In the annals of unfortunately timed cookbooks, the upcoming "Tailgreat: How to Crush It at Tailgating" (Ten Speed Press; $28) ranks up there.
The book, by the James Beard Award-winning chef John Currence, will debut Aug. 28, just a few weeks after the announcement that most college football games, including the Big Ten and Pac-12 conferences, have been canceled for the season.
"The only way it gets worse is if the SEC [Southeastern Conference] announces they're canceling games the day the book comes out," says Currence, who owns four restaurants in the football-mad college town of Oxford, Mississippi. As the leading chef in the University of Mississippi's hometown, he has become a master at preparing food for the legendary tailgates at the Grove, the 10-acre party space on the Ole Miss campus.
Currence notes that, while a good tailgate upgrades the spectator's experience, the food needs to be interesting. "Tailgating has become sterile, as far as menu selection goes. It's like a repeat loop in an old cartoon: Cold chicken tenders, pimento cheese, seven-layer dip. Repeat." The book offers a total of 125 recipes for high-flavor party food, from grilled wedge salad on a stick to sweet-mustard pulled pork.
He has a particular fondness for fried chicken_though as an ingredient, not a recipe. "I'm unapologetic about the fact that I don't fry a lot of chicken any more, because no one makes it better than Popeye's," he says.
This technique for getting the essence of fried chicken without doing the work shows up in his recipes for such dishes as fried chicken salad with Alabama Firecrackers, the popular Southern snack of saltine crackers tossed with spices and baked. For his "God's Own Buffalo Chicken Dip," Currence admits that he can't source enough Popeye's to keep up with demand for this creamy dip when there's a home game.
But it's his recipe for Spicy Fried Chicken Buttered Popcorn that stands out. There's no actual fried chicken in this recipe for what is essentially a very luscious, buttery, and highly seasoned popcorn, and it should not be confused with the fried nuggets known as popcorn chicken. This popcorn's intense flavor comes from a seasoning mix that Currence makes with a mix of chicken soup base, garlic powder, cayenne, and Accent (or MSG) that clings tightly to the kernels, thanks to all that butter.
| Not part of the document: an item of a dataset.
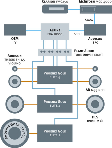 Для проекта подобного уровня сама структура аудиосистемы не обсуждалась. Фронт на три полосы с полным по канальным распределением и сабвуферы автомобильные, процессорный тракт, ламповый аппарат известной на всей планете компании Phant Audio. Естественно, без продукции данной компании за последний год трудно представить хоть единую, в действительности стоящую студийную работу.
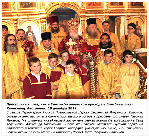Такая высокая и справедливая оценка заслуг Владыкой Антонием настоятеля, регента, старосты и прихожан Свято-Николаевского храма в Брисбене, воспринялась русскими людьми в 1936 году с воодушевлением не только в штате Квинсленд, но и по всей Австралии. Этот подвиг любви и верности православию был услышан во многих других странах людьми, потерявшими Родину.

What's incredible about this addictive snack, though, is the way it is popped. Currence cooks the kernels in an insane amount of clarified butter instead of oil. This method suffuses the popcorn with an even richness instead of the soggy clump that results from adding melted butter at the end.
It also makes the kernels tender but crisp outside. "This spicy fried chicken version is crazy fun and surprising," says Currence, and I agree. It's well worth trying this technique even as you accept the fact that there's less popcorn ({ cup) than clarified butter ({ cup plus 2 tablespoons) in the ingredient list. If the end product doesn't taste exactly like fried chicken, it is still profoundly chicken-y, along with the salty, peppery, savory accents that go into a good fried bird's crust.
Currence did get one thing right with the timing: Sales of ready-to-eat popcorn and caramel corn reached $1.5 billion, up 5%, for the 52-week period that ended in mid-May, according to Snack Food and Wholesale Bakery. Garrett Smith, president of American Pop Corn Co., estimates that sales of uncooked popcorn have risen more than 70% since mid-March, when Americans started sheltering in place.
And there's still hope you can serve this popcorn at a socially distanced tailgate. The SEC hasn't canceled its season, at least not yet.